The market observers are seemingly running out of colloquialisms to describe the lack of market conviction. And stock market investors have seemingly moved to the sidelines ahead of the Fed meeting,
Not that there will be any big surprises on the day, but what needs to be ironed out is the rate cut pricing for 2024, which, frankly, can't become any more dovish without evidence suggesting the U.S. economy is approaching a hypothetical "Wile E. Coyote" gravity moment.
The dot plot from September indicated a potential 50 basis points of cuts for the following year. However, this projection was based on a higher terminal rate now considered unlikely to be achieved.
Consequently, if the 2024 dot doesn't shift lower in the upcoming Summary of Economic Projections (SEP), the Federal Reserve would be projecting just 25 basis points worth of cuts. This starkly contrasts market expectations for more than 125 basis points of cuts.
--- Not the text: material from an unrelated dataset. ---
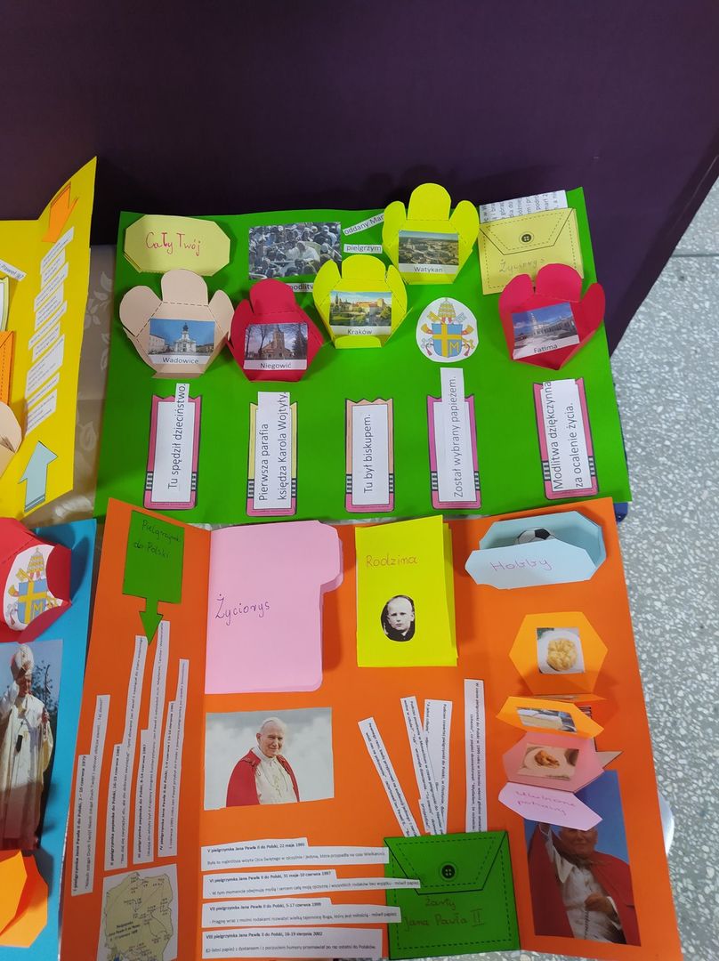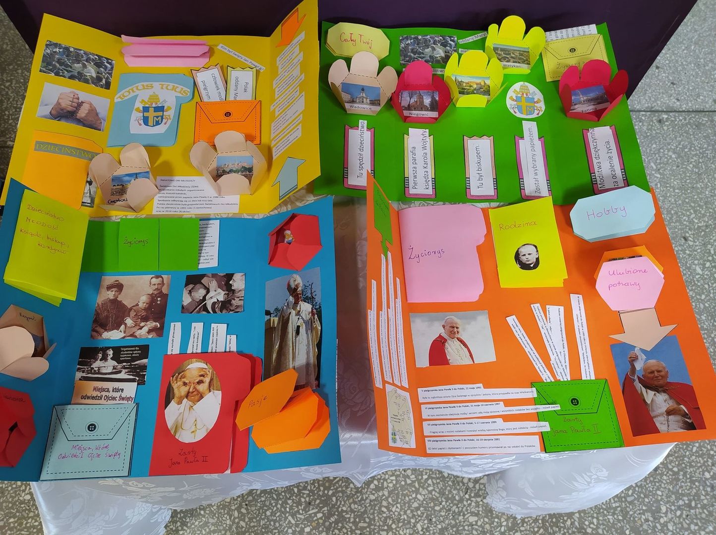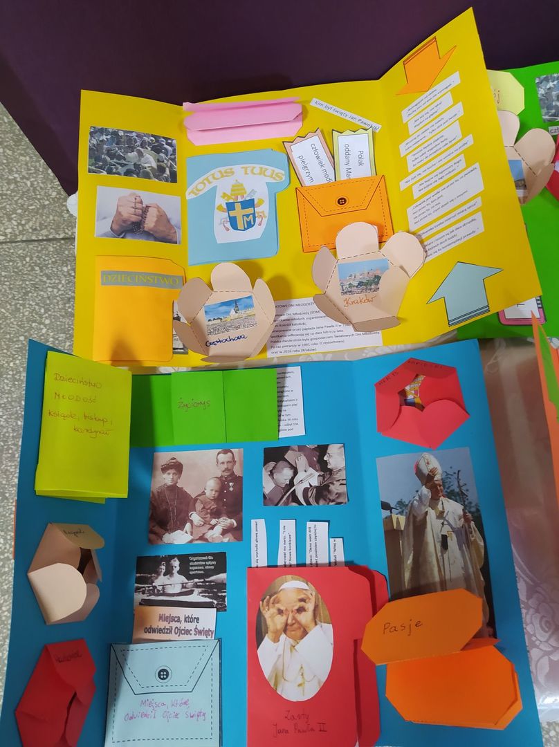 Z okazji zbliżającego się Dnia Papieskiego uczniowie klasy piątej przygotowali lapbooki o Janie Pawle II. Lapbook to forma kreatywnego zaprezentowania informacji na dany temat. Jest czymś w rodzaju teczki tematycznej, która zawiera ruchome elementy, otwierane skrytki, składane okienka, obrotowe koła, różne kieszonki. Te wszystkie elementy maja wzbudzić ciekawość i motywować do otwierania ukrytych ciekawostek. Uczniowie klasy piątej spisali się na szóstkę. Ich prace są ciekawe, kolorowe, estetyczne, pełne pomysłów. Możemy w nich znaleźć informacje o życiu Karola Wojtyły, ważnych datach, ulubionych potrawach, zainteresowaniach, pielgrzymkach i Światowych Dniach Młodzieży.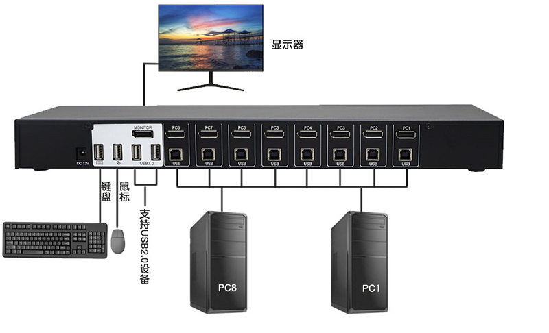 能够使用户从单一USB键盘、鼠标、和一个DisplayPort视频信号接口,快速切换操作8台电脑主机,以便有效率的进行多工作处理;0755 86120002

The potential misalignment between the Fed's projection and market expectations creates significant discord among cross-asset traders, especially in the context of the Federal Reserve's insistence on two key points. Firstly, they maintain that the tightening implemented last year hasn't fully manifested in the economy. Secondly, the Committee has declared its intention to oversee additional softening in the labour market, even though job losses aren't a policy goal but rather a means to an end.
This tension reflects the challenge of the Federal Reserve in aligning its outlook and policy stance with evolving economic conditions and market expectations. The divergence between the Fed's projections and market anticipations underscores why the market has little to no conviction.